▶ **INFORMATION SHOWN**:
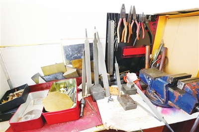 “所有用到的材料是各种厚度的铜板和不同粗细的铜丝,其中铜丝用量少,主要用于做花草树木,剩余的墙、地面等都是铜板制作。”范起文的“加工车间”在家里阳台的一角,一张桌子及周围的墙上放着各类工具,一个小型“车床”用来弯折或固定材料,几把不同功能的钳子和10多把不同粗细的锉刀是他的主要工具。
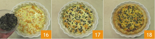 Enfin, répartissez les graines de courge sur la surface 16, puis faites cuire au four statique préchauffé à 180° pendant environ 60 minutes, en plaçant la tarte sur la grille du bas 17. Une fois cuite, laissez reposer votre tarte salée à la courge pendant 10-15 minutes avant de servir 18 !
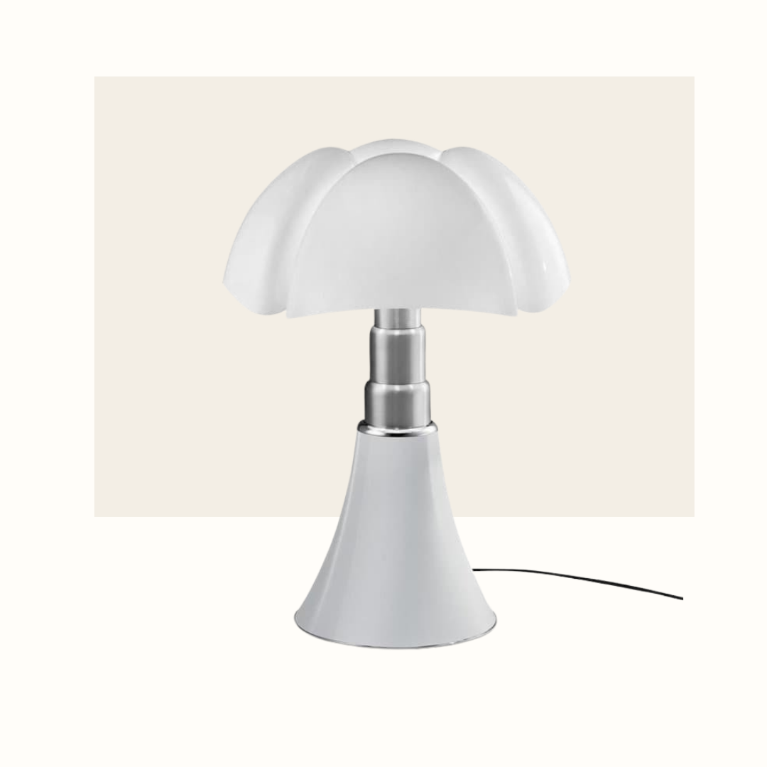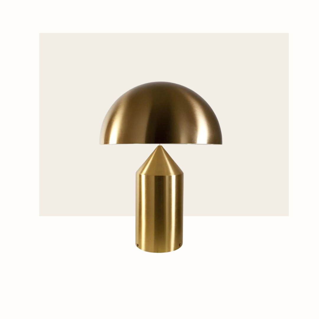 Magistretti, un architecte italien qui maitrisait l'équilibre entre tradition et innovation a créé la lampe Atollo en 1977, une lampe connue pour son design minimaliste et élégant. Pour un salon, une chambre à coucher ou un bureau, l'abat-jour réfléchissant crée un éclairage indirect qui réduit l'éblouissement tout en émettant une lumière douce et atmosphérique ce qui offre un éclairage ambiant chaleureux. Fabriquée en métal, elle était à l'origine fabriquée en noir et blanc. Aujourd'hui elle est aussi faites avec différentes finitions (laiton, en nickel et en bronze).
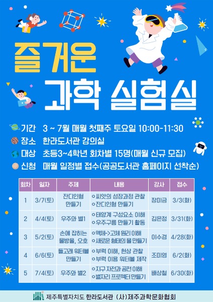 제주 한라도서관이 오는 3월부터 7월까지 매월 첫째 주 토요일 초등학생을 대상으로 기초과학 체험 프로그램 ‘즐거운 과학 실험실’을 운영한다.
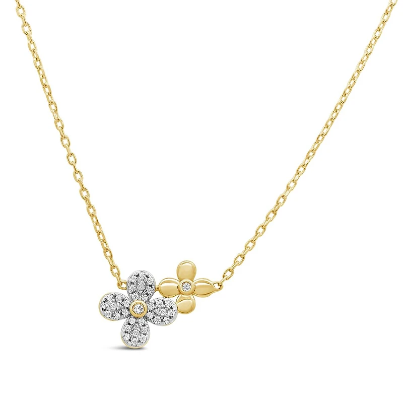 Blooming with charm, this 0.10CTW Diamond Flower Necklace in 10K Yellow Gold showcases two delicate blossoms—one adorned with pavé diamonds and the other in polished gold—capturing the beauty of nature in an elegant design.
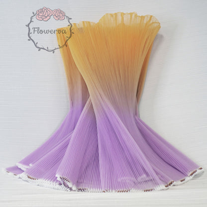 Gradient Yellow And Purple Pleated Organza Crinkle Fabric With Rigid And Wide Trim Stage Handmade Dress Designer Fabrics
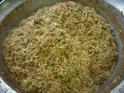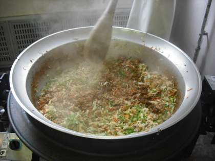 堀川小学校では焼きそばは、大釜2釜で炒めています。写真左がめんをゆがいています。真中が具を炒めています。右がめんと具をあわせて、炒めています。この釜が2つで730人分です。
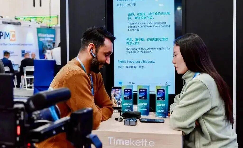 时空壶首次参展便引人注目,其W4 PRO AI同传耳机支持3秒延迟的双人实时对话翻译,在嘈杂的展馆中演示效果惊人。
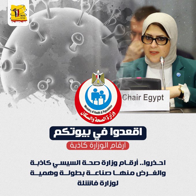 تصدر هاشتاج "اقعدوا في بيوتكم" على موقع التواصل الاجتماعي "تويتر"، وكان السبب الأول براي النقاد على التواصل أن أرقام وزارة صحة السيسي كانت كاذبة، والغرض منها صناعة بطولة وهمية لوزارة فاشلة، وأن السيسي وعصابته "مش فاضيين لهموم المصريين ولا الاهتمام بأرواحهم".
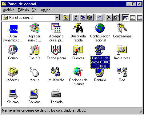 Hacer doble click en Fuentes de Datos ODBC (32 bits), y se cargará el Administrador de orígenes de datos ODBC.
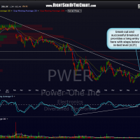 PWER has hit the first target and is now a 25% gainer from entry less than 3 weeks ago. consider booking partial or full profits and/or raising stops, depending on your trading plan. T2 remains the final target on this trade although i should point out that large thin zone (see volume at price histogram towards the left of the chart) between T1 & T2. therefore, i’d say the odds are pretty good that the stock either pulls back soon and/or once prices enter that thin zone, it could be filled rather quickly.
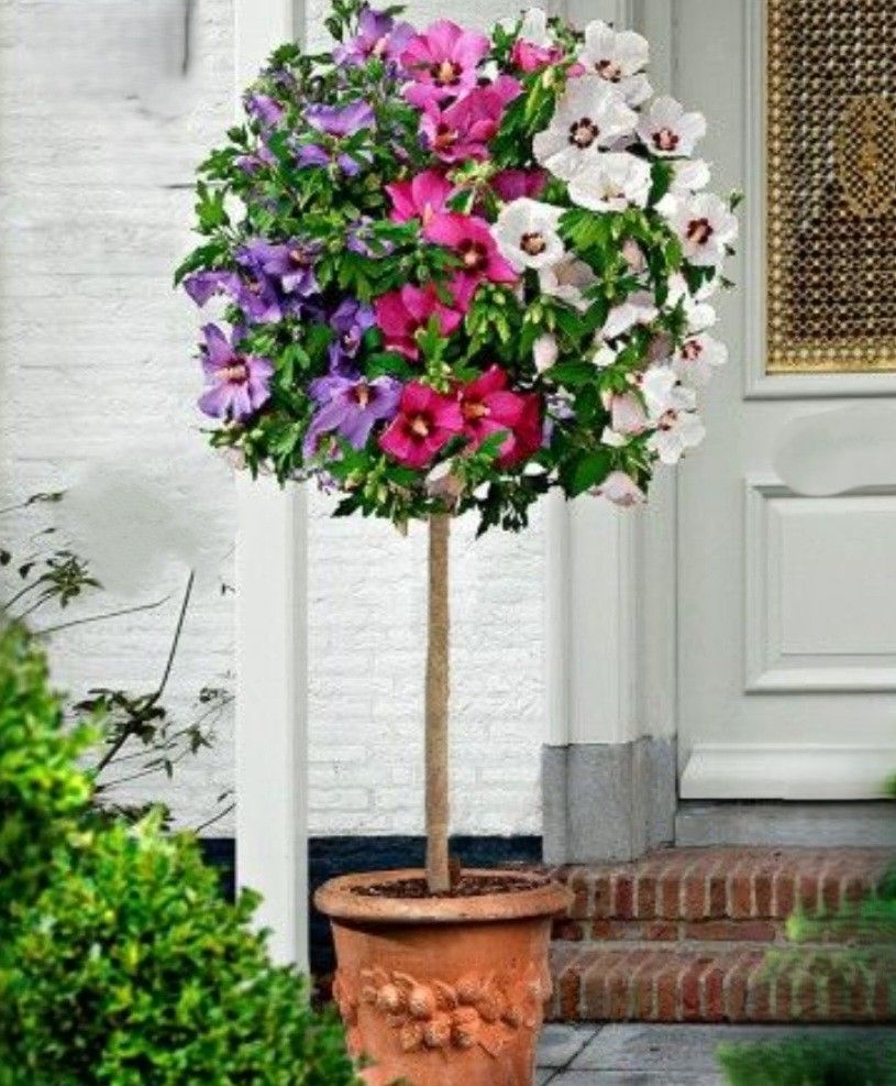 Oferujemy wyjątkowy hibiskus tricolor szczepiony na pniu, który zachwyca kwitnieniem w trzech kolorach kwiatów. Na jednej roślinie pojawiają się kwiaty w odcieniach bieli, różu oraz fioletu, co daje niezwykle dekoracyjny i rzadko spotykany efekt 🌸🌺🌸

▶ **TO DO**: Within the listing above, find the line containing "Gradient Yellow And" and the line containing "Hacer doble click". Transcribe them and everything between them exactly, leaving out the pictures.

▶ **SOLUTION TO THE EXERCISE**:
 Gradient Yellow And Purple Pleated Organza Crinkle Fabric With Rigid And Wide Trim Stage Handmade Dress Designer Fabrics
 堀川小学校では焼きそばは、大釜2釜で炒めています。写真左がめんをゆがいています。真中が具を炒めています。右がめんと具をあわせて、炒めています。この釜が2つで730人分です。
 时空壶首次参展便引人注目,其W4 PRO AI同传耳机支持3秒延迟的双人实时对话翻译,在嘈杂的展馆中演示效果惊人。
 تصدر هاشتاج "اقعدوا في بيوتكم" على موقع التواصل الاجتماعي "تويتر"، وكان السبب الأول براي النقاد على التواصل أن أرقام وزارة صحة السيسي كانت كاذبة، والغرض منها صناعة بطولة وهمية لوزارة فاشلة، وأن السيسي وعصابته "مش فاضيين لهموم المصريين ولا الاهتمام بأرواحهم".
 Hacer doble click en Fuentes de Datos ODBC (32 bits), y se cargará el Administrador de orígenes de datos ODBC.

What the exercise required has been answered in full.